Super Glue is real bad, 'Homer' /ubbthreads/images/graemlins/smile.gif . But that doesn't mean you can't use it - what really counts is the percentage of metal to metal contact. The Super Glue is only occupying the air gaps that exist. Whether those gaps comprise 10% or 90% of the contact area is anyone's guess. But the fact that excellent heat transfer exists with your setup leads me to guess you have a large percentage of metal to metal contact, and that is where the majority of the transfer occurs.

I've used Super Glue on both of my Hotlips builds. The heat transfer is excellent not because of the Super Glue, but because both mating surfaces are flat.


----------



## Justintoxicated (Feb 23, 2004)

I don't understand the chart, that or I don't trust it...It has been shown time and time again that those lead thermal pads compleatly suck at thermal transfer and that artic silcer is at least 10x better....Acodring to that lsit it appears this is not the case.

Also wth? locktight works 4 times betteer than Artic Silver? For some reason I highly doubt this. It makes no sense what so ever.

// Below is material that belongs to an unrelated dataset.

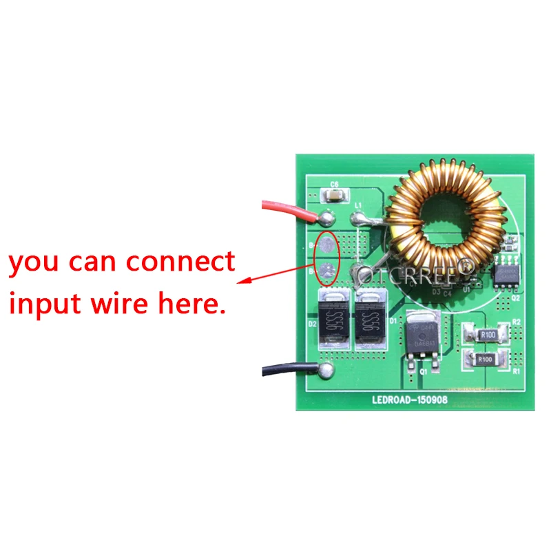 (Примечание: Красный провод является положительным, а синий провод отрицательным, оба могут прикрепить к светодиоду. На задней стороне, внутри круга, то окажется, что они являются положительными для источника питания; Они завернуты в circel, это негативный для источника питания.)

Why would people not use locktight on their CPU's etc instead of buying expensive thermal past?

Something is wrong or im not understanding the chart, there is no way locktight or lead is better at transfering heat than artic silver!


----------



## Bushman (Feb 23, 2004)

intoxicated presents a good question here, I have loctite at home but I would have to spend $10 plus shipping to get the artic alumina or artic silver


----------



## NightStorm (Feb 23, 2004)

Gentlemen,

The Loctite Corporation produces many products other than their infamous thread locking compounds. Feel free to peruse their web site .

Dan


----------



## LightScene (Feb 23, 2004)

This is just another example of where theory collides with actual practice. The Luxeon is super-glued to a heat-sink, and the heatsink gets hot as heck. That tells me all I need to know - superglue works really well. 

If this chart claims that diamonds work better than super-glue, who cares? Diamonds are not adhesive.


----------



## Justintoxicated (Feb 24, 2004)

I don't care wtf locktight makes..There have been numerous studies in the past that show only one uncommon thermal compound to work really well, and thats shin-etsu...How many times were these compounds applied in this chart? just one sample for each reading? A good test would use a minimum of 10 PROPER applications. Superglue as said has little to no thermal properties, I have even read that peanut butter would work better. If only it was adhesive! Well im sure superglue will work, it is just not very good, at least some AS should be mixed in to help a little...or rather some superglue should be mixed in with AS..AA..or other non epoxy to really transfer heat well. if the emitter heats up enough, it will transfer heat to almost anything.


----------



## Negeltu (Feb 24, 2004)

Goodness


----------



## IsaacHayes (Feb 24, 2004)

Good point. If it heats up enough, it will transfer heat to anything. May not transfer it quick enough with certain things, but still warm up and fool you like it's working.


----------



## dat2zip (Feb 24, 2004)

Lightscene,

Careful there. The loctite under the Luxeon is ??? of which we don't know the properties. I'm sure Lumileds chose it for many reasons. One for sure is the automated machines that dispense them. The other I'm sure is for the thermal properties. That is not ordinary loctite.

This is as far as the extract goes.